Balancing Ball - Writing a Game for the BBC Micro:bit

After getting a little more familiar with the BBC Micro:bit I decided the best way to learn something about the true capabilities of the platform was to write some code, and what better way to do that than by creating a fun game?

The micro:bit has a built in led display on one side of the PCB which makes it a good starting platform for development but that in also brings it's own challenges. The display is only 5 x 5 pixels. In that case, Quake is probably not going to be on the list of game options.

The Game

Top of my list of things to experiment with was the built-in accelerometer so I decided to code a simple ball balancing game, similar to a more elaborate version I had on an old phone of mine a few years ago.

The idea is that the "ball" (the glowing pixel on the screen) starts off in the middle of the board and moves left or right, forward or back as the board is tipped one way or the other, as reported by the accelerometer.

The point of the game is to get the ball back into the centre of the board by gently tipping the board backwards and forwards and adjusting your movements in response to how the ball "rolls around" on the display. When you do the ball back into the centre, you are rewarded with a smiley face and the game starts again.

The Ball

To try and make this game easily readable for learning I tried to stay away from using classes or anything too exotic. The ball coordinates, an x-y pair, are modelled as a simple list containing two values. Of course, the big disadvantage with this is that all of the functions to move and draw the ball have to know the order of the coordinates to be able to use them correctly.

Tipping Point

The microbit accelerometer has some sophisticated capabilities to be able to recognise named gestures such as 'shake' but I was only interested in the devices orientation in space for this game so the accelerometer.get_x() and accelerometer.get_y() functions were just what I needed. There's also a similar function to report the z reading if you want it.

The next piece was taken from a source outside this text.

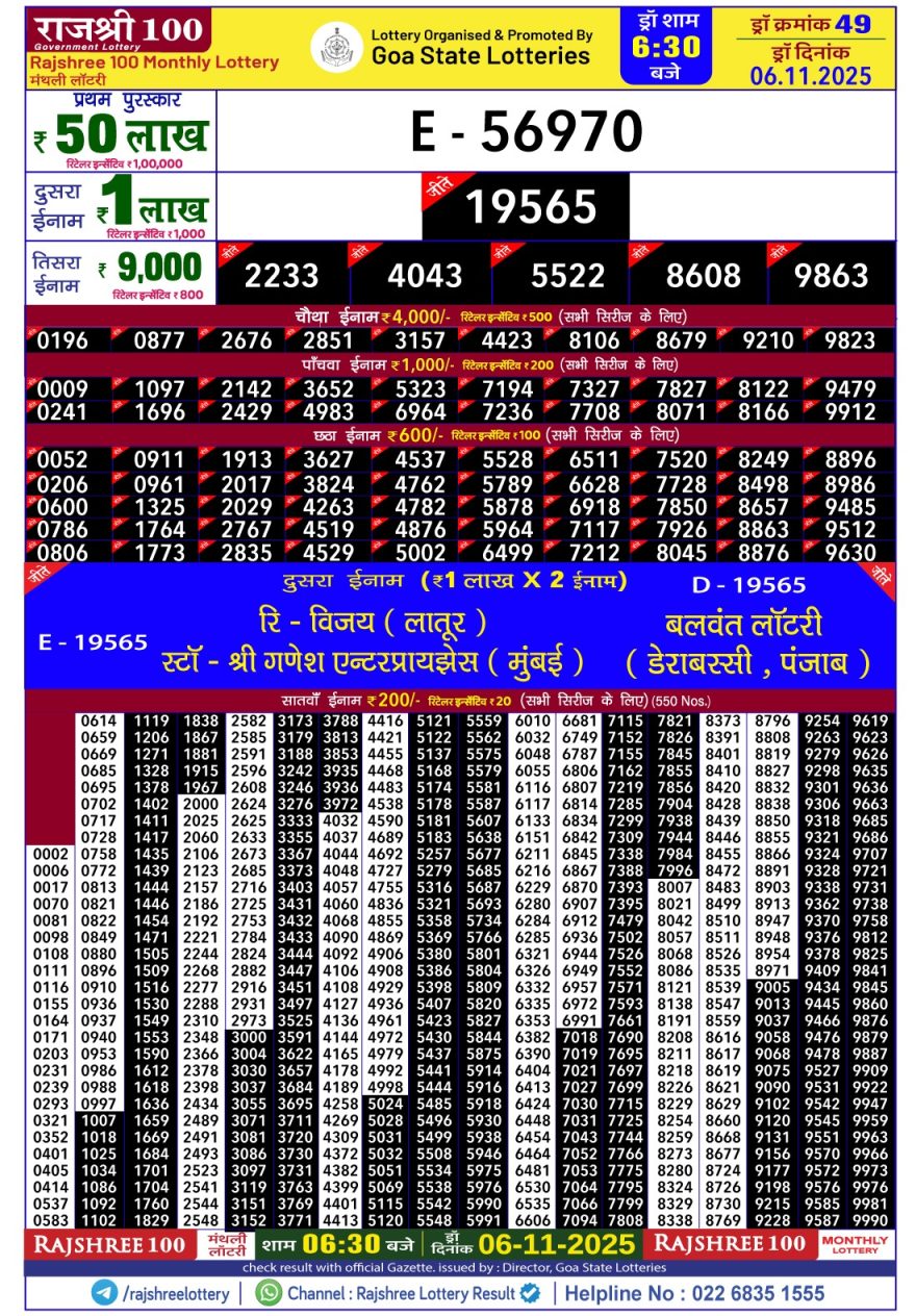 Rajshree 100 Monthly lottery 06.30 PM 06.11.2025 Leave a Comment on Rajshree 100 Monthly lottery 06.30 PM 06.11.2025

Each value is reported as a
positive or negative value 0..360.

Code

Here's the code for the game:

# Balance ball game for microbit

from microbit import *

table_edge = 4
table_centre = 2

def keep_ball_on_table(ball):
    # bounds of led grid
    ball[0] = min(ball[0], table_edge)
    ball[0] = max(ball[0], 0)
    ball[1] = min(ball[1], table_edge)
    ball[1] = max(ball[1], 0)

    return ball

# Accelerometer
def tilt_is_slight(tilt):
    return abs(tilt) < 50

def tilt_is_left(tilt):
    return tilt < 0

def tilt_is_right(tilt):
    return tilt > 0

def tilt_is_up(tilt):
    return tilt > 0

def tilt_is_down(tilt):
    return tilt < 0

# drawing
refresh_in_milliseconds = 50

PIXEL_ON = 9
PIXEL_OFF = 0

def hide_ball_at(point):
    display.set_pixel(point[0], point[1], PIXEL_OFF)

def show_ball_at(point):
    display.set_pixel(point[0], point[1], PIXEL_ON)

display.clear()

# start in centre
ball = [ table_centre, table_centre ]

#light up the centre dot...
show_ball_at(ball)

while True:

    sleep(refresh_in_milliseconds)

    hide_ball_at(ball)

    x_tilt = accelerometer.get_x()
    y_tilt = accelerometer.get_y()

    if tilt_is_slight(x_tilt):
        ball[0] = ball[0] # nothing
    elif tilt_is_left(x_tilt):
        ball[0] -= 1
    elif tilt_is_right(x_tilt):
        ball[0] += 1

    if tilt_is_slight(y_tilt):
        ball[1] = ball[1] # nothing
    elif tilt_is_left(y_tilt):
        ball[1] -= 1
    elif tilt_is_right(y_tilt):
        ball[1] += 1

    ball = keep_ball_on_table(ball)

    # calibraton
    #display.scroll(str(x_tilt) + " " + str(y_tilt))
    show_ball_at(ball)

    if ball[0] == table_centre and ball[1] == table_centre:
        sleep(1000)
        display.show(Image.HAPPY)
        sleep(2000)
        display.clear()